Since that statement, Annals of Neurology has aired at least three such debates. The first involved a paper that was the highest-rated article from the previous year, describing a new model of Parkinson disease in mice and the implication that proteasome pathways were involved in the genesis of the disease.
“We all know that for many animal models, especially toxin-induced models, lab-to-lab variability is a huge issue,” said Dr. Hauser. “But this paper engendered enough commotion that we began to receive papers that either could replicate or not replicate its findings. We devoted approximately half of an issue to publishing a series of papers dealing with this topic, along with a point/counterpoint group of commentaries, including one by the original author, to fully air this question. I thought this was our clear responsibility as editors.”
Another such response had to do with a finding in spinal fluid from people with multiple sclerosis, indicating that a protein called cystatin C was degraded in a unique way that was diagnostic of MS. “Again, this is a huge paradigm shift; after all, a holy grail in MS is to develop a diagnostic,” Dr. Hauser said. “Then we received a couple of papers suggesting that this could be an artifact of incubator conditions, and we published these papers and asked the author to comment.”

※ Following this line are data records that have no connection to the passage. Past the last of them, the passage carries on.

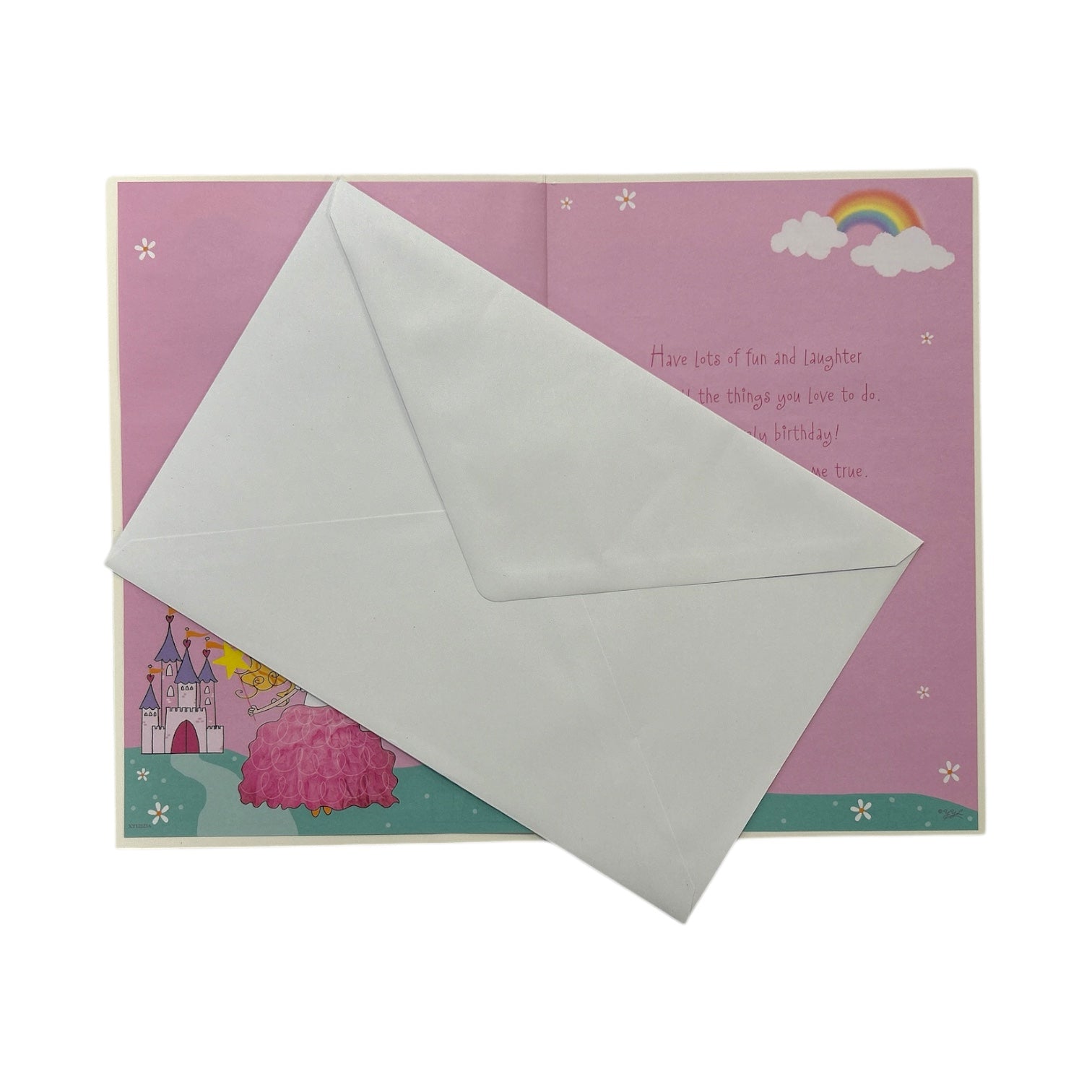 Celebrate a magical milestone with this adorable princess-themed birthday card! The front features a young girl in a glittery pink dress, wearing a crown and holding a magic wand. Beside her is a cute white cat, adding to the enchanting scene. She stands proudly in front of a pink castle, with a backdrop of fluffy clouds and a vibrant rainbow, creating a fairy-tale atmosphere. The text "You're 3 Today Daughter" and "Birthday" is beautifully designed in multicolored glitter, adding extra sparkle to the card. Additionally, a large, round badge with the message "3 Today" adds a fun touch, making this card extra special for your Daughter. Inside, you'll find warm birthday wishes that are sure to bring a smile to his face. The card comes with a coordinating envelope. Approximate size: 27.5 x 18.5.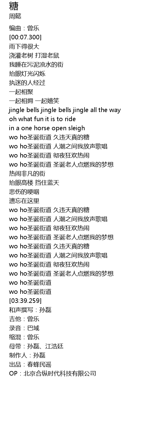 | [01:04.968] | wo ho圣诞街道 久违天真的糖 |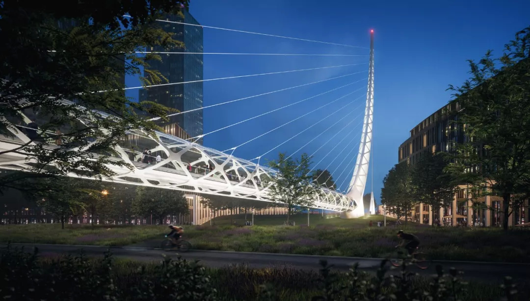 卡拉特拉瓦在达拉斯的这一桥梁设计,希望帮助打造一个自然、充满活力的休闲区域,并进一步强化滨江地区的关联。可达性是项目设计中的重要考量因素,无论是步行爱好者、老年人、残疾人或推着婴儿车的父母,都有着便利的入口和路线。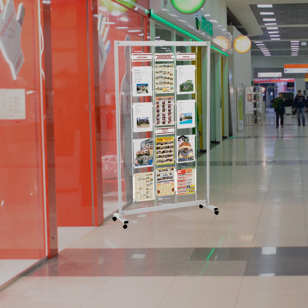 - A équiper avec système d'affichage par câbles + pinces + porte-affiches.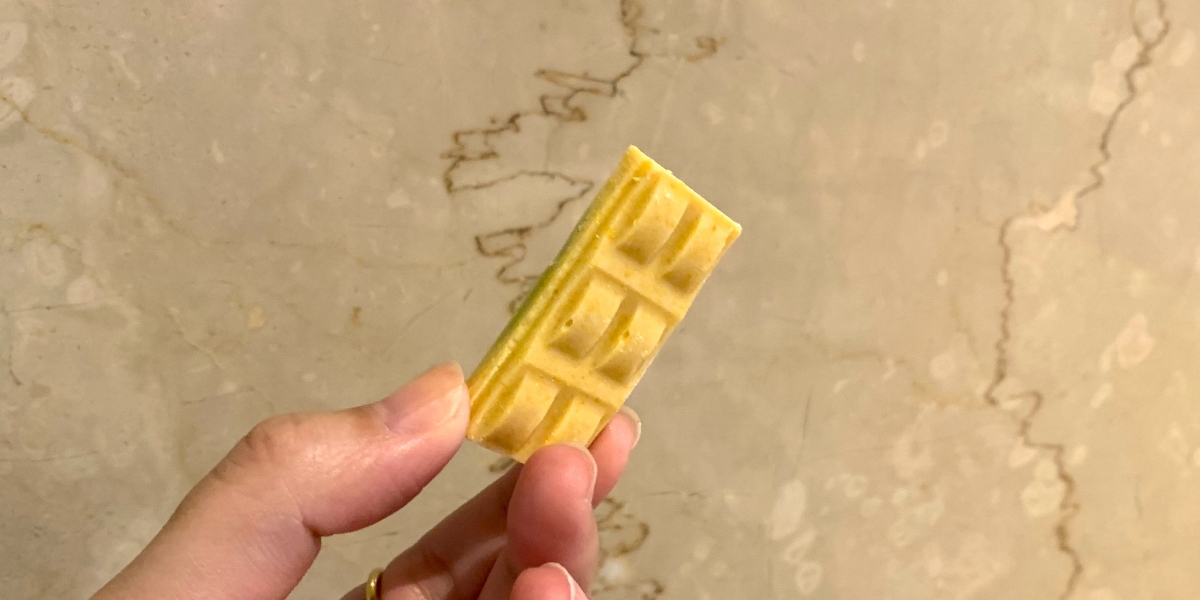 今回レコメンドしていただいた「イロドリチョコレート」の1つ目は、ピスタチオとマンゴーのフレーバーが楽しい「もえぎ」。ピスタチオの風味とマンゴーの甘さが、お互いを引き立て合い絶品です。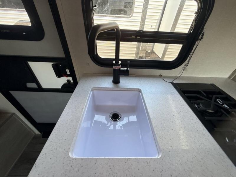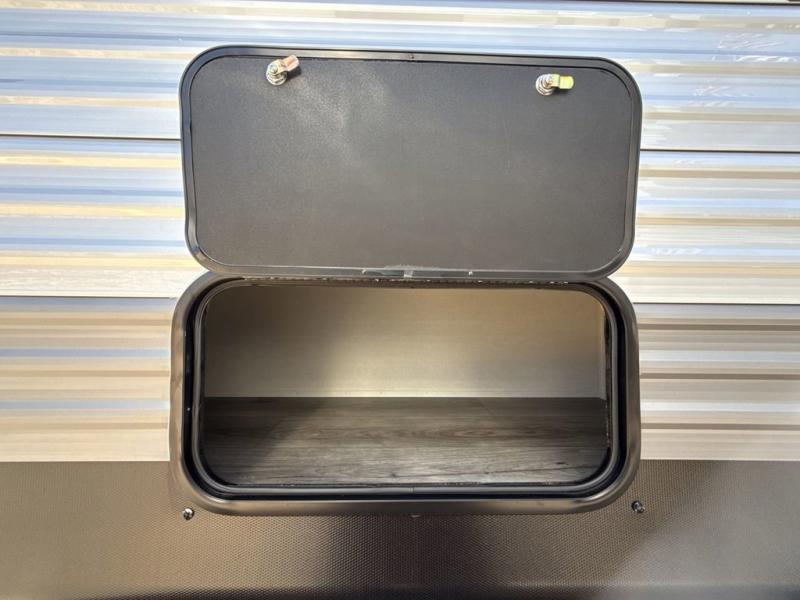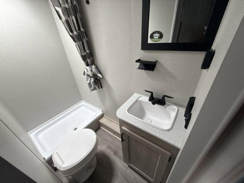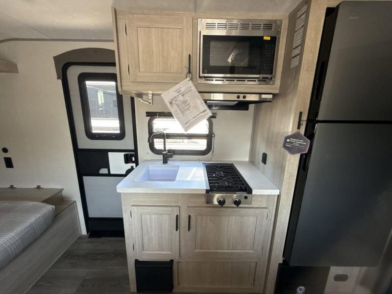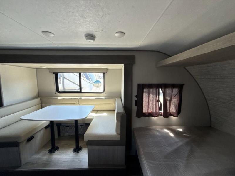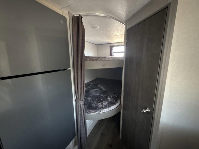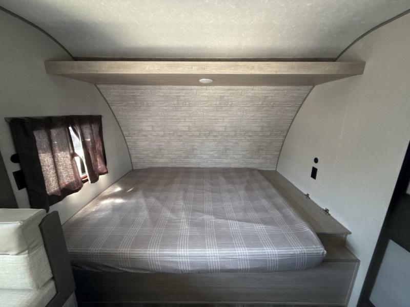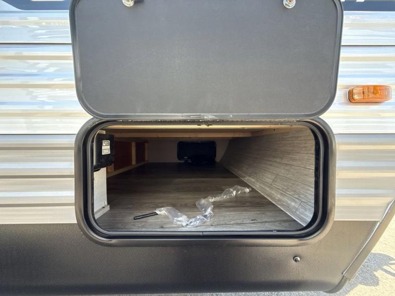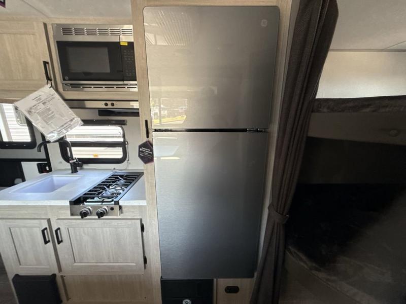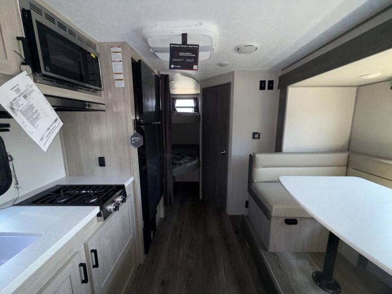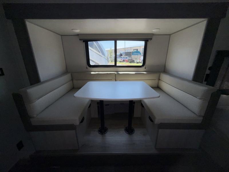 This spacious travel trailer can sleep eight campers each night thanks to the double-size bunks in the back, the U-shaped dinette within the slide out, and the queen bed up front! You can easily make meals for your crew with the two burner cooktop and microwave oven, and leftovers can go in the 10.7 cu. ft. 12V refrigerator! After you've cleaned up in the full bath, head outdoors to relax under the 15' power awning with multicolor LED lights and a remote!

A final example was a virus discovery in MS that others could not replicate; those negative findings were also published. “I must say I lost sleep over that paper,” said Dr. Hauser. “We required replication that was independent, from another institution, before publishing. They were able to replicate the finding, and yet subsequently, others were not able to. But it did satisfy every metric, every bar that we had established for replication. And it's not to say that the paper was wrong.”
Journal editors put themselves on the line with every article they publish, Baskin said. “We only accept 15 percent of our papers; there are many we can't accept. We want only superb papers, and if something goes wrong, it's an embarrassment to us,” she observed. “The best way to overcome that is to correct the literature record as soon as possible. Lancet is making that correction, but they have the added problem that they've had a lot of people over the years saying ‘This isn't right.’”
‘EXERCISE DUE DILIGENCE’
Baskin said the Dr. Wakefield retraction should serve as a warning to all editors. “It reminds us all to be very careful and exercise due diligence, to make sure that anything sent to us passes muster with our peer reviewers — who really have to be knowledgeable in the field to the point that they can pick up content that might be fraudulent or not well thought out.”
Ultimately, Dr. Rosenberg said the Wakefield case is an isolated incident, not reflective of a larger problem within the peer review and journal publication process.
“In this case, the peer review process didn't get it right and the author didn't present it right. Sometimes it takes time for the process to correct itself,” he said. “But most of the time I do believe that we do publish the best papers, and those that should not be published are not.
“The peer review process isn't perfect, but there's no substitute. And I'd rather turn down a paper that turns out to be correct than publish a paper in which data are incorrect. It's more of a disservice to the scientific community, to patients, to understanding disease or brain function, to publish a paper that is not scientifically accurate than to fail to publish a paper that turns out to be correct.”